Dir. Craig William Macneill
14 September 2018
SLOW. This film is a slow burn, possibly keeping audiences engaged through a mix of detailed performances and cinematographic beauty before rewarding them with the anticipated murders, but do not minimize the slowness of its initial pace. It is intentional. Subverting. Plotting. Stylistically mimicking the inner goings on of Lizzie, herself.
Lizzie is a 2018 Sundance film positing one theory concerning the deaths of Andrew and Abby Borden, the infamous titular character’s less famed father and stepmother. Exposition is woven into the creeping rising action rather than laid bare at the beginning. Chloe Sevigny’s Lizzie is uncomfortably relatable and a touch biting, with well-earned moments of verbal wit keeping me interested throughout. Kristen Stewart is well suited as Irish maid Bridget Sullivan. While the character is not a huge departure from Stewart’s expected roles, she is more controlled subtle here. Fiona Shaw, Jamey Sheridan, and Denis O’Hare are excellent as characters we love to hate, though I would pretty much watch O’Hare watch paint dry at this point.

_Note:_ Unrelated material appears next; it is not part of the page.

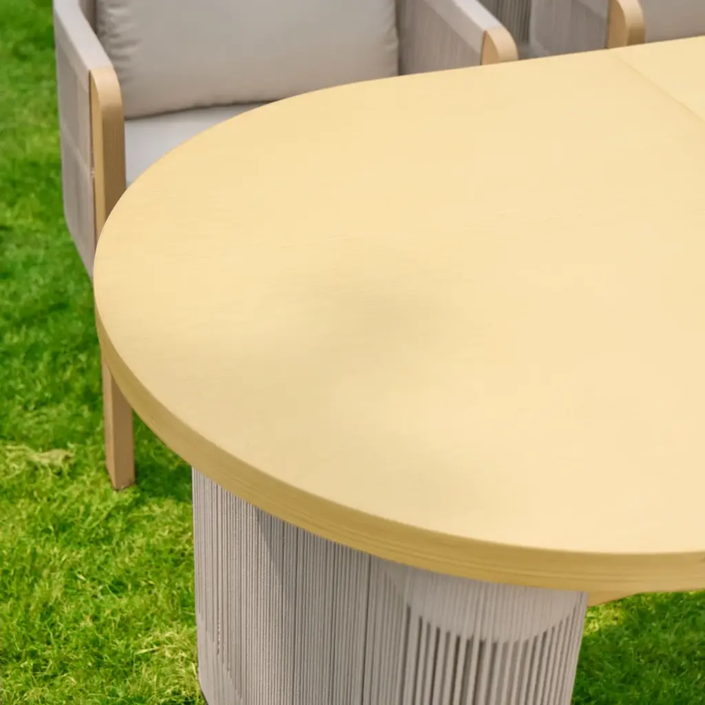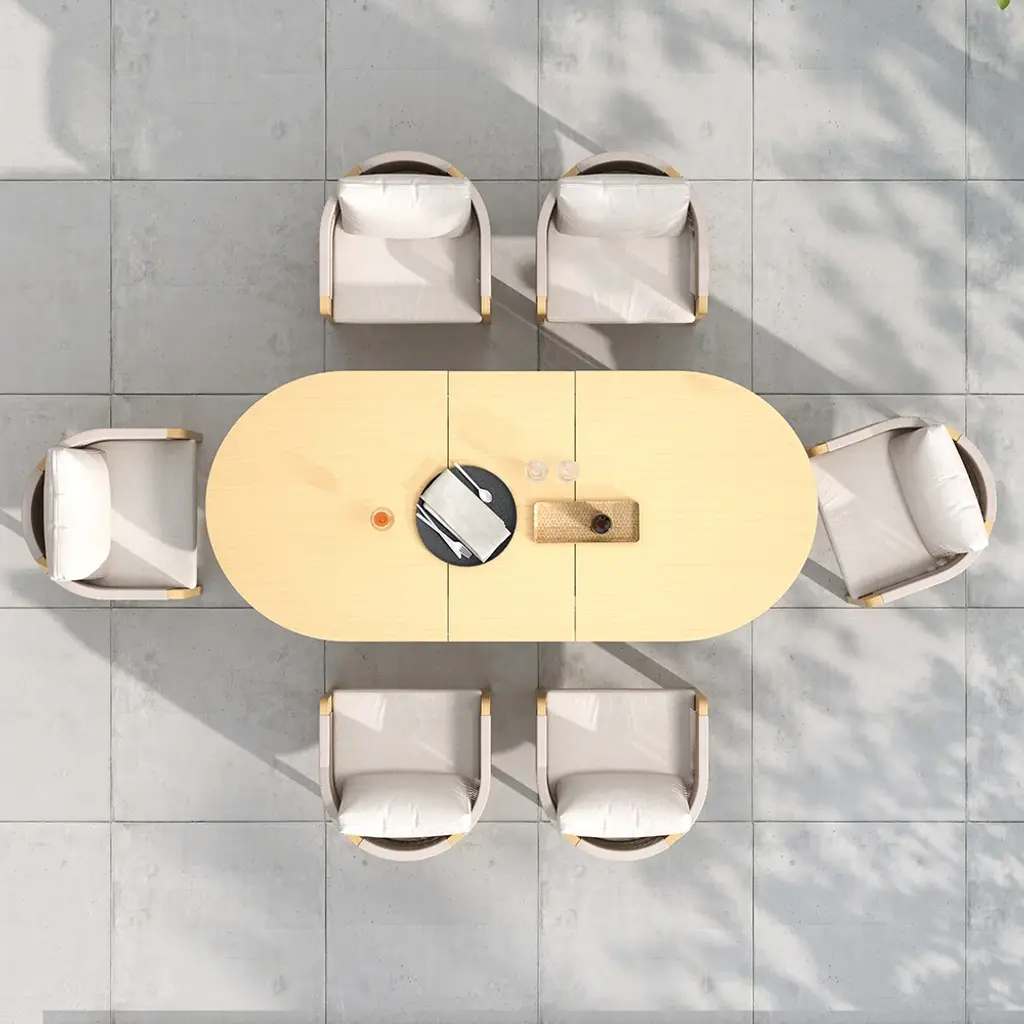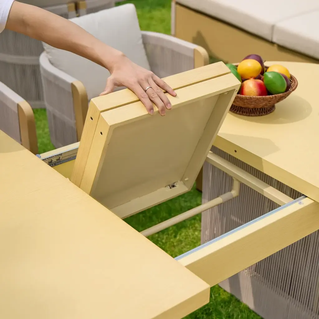 This 7-piece farmhouse style aluminum outdoor dining set offers both functionality and style, featuring an extendable tabletop and six woven armchairs. Perfect for accommodating larger gatherings, the set is designed with durable, weather-resistant materials, making it ideal for year-round outdoor dining. Its sleek aluminum frame and comfortable woven chairs bring a modern touch to any patio, deck, or garden.

The film is a beautiful artwork. The set design, costumes, and camerawork add significantly to the experience. It is almost like a painting is taking form before you as you watch. It is that slow development that may be the film’s one drawback for a popular contemporary audience. It is an interesting film done well, but it certainly does require some work from its viewers.
Honestly, I went to see this piece largely based on my enjoyment of the stage play Blood Relations, which also presents a possible scenario for the murders. The play moves faster than the film and it also ends more dramatically. They are certainly two very different pieces, but if you are interested in the Borden case, Blood Relations is well worth your time.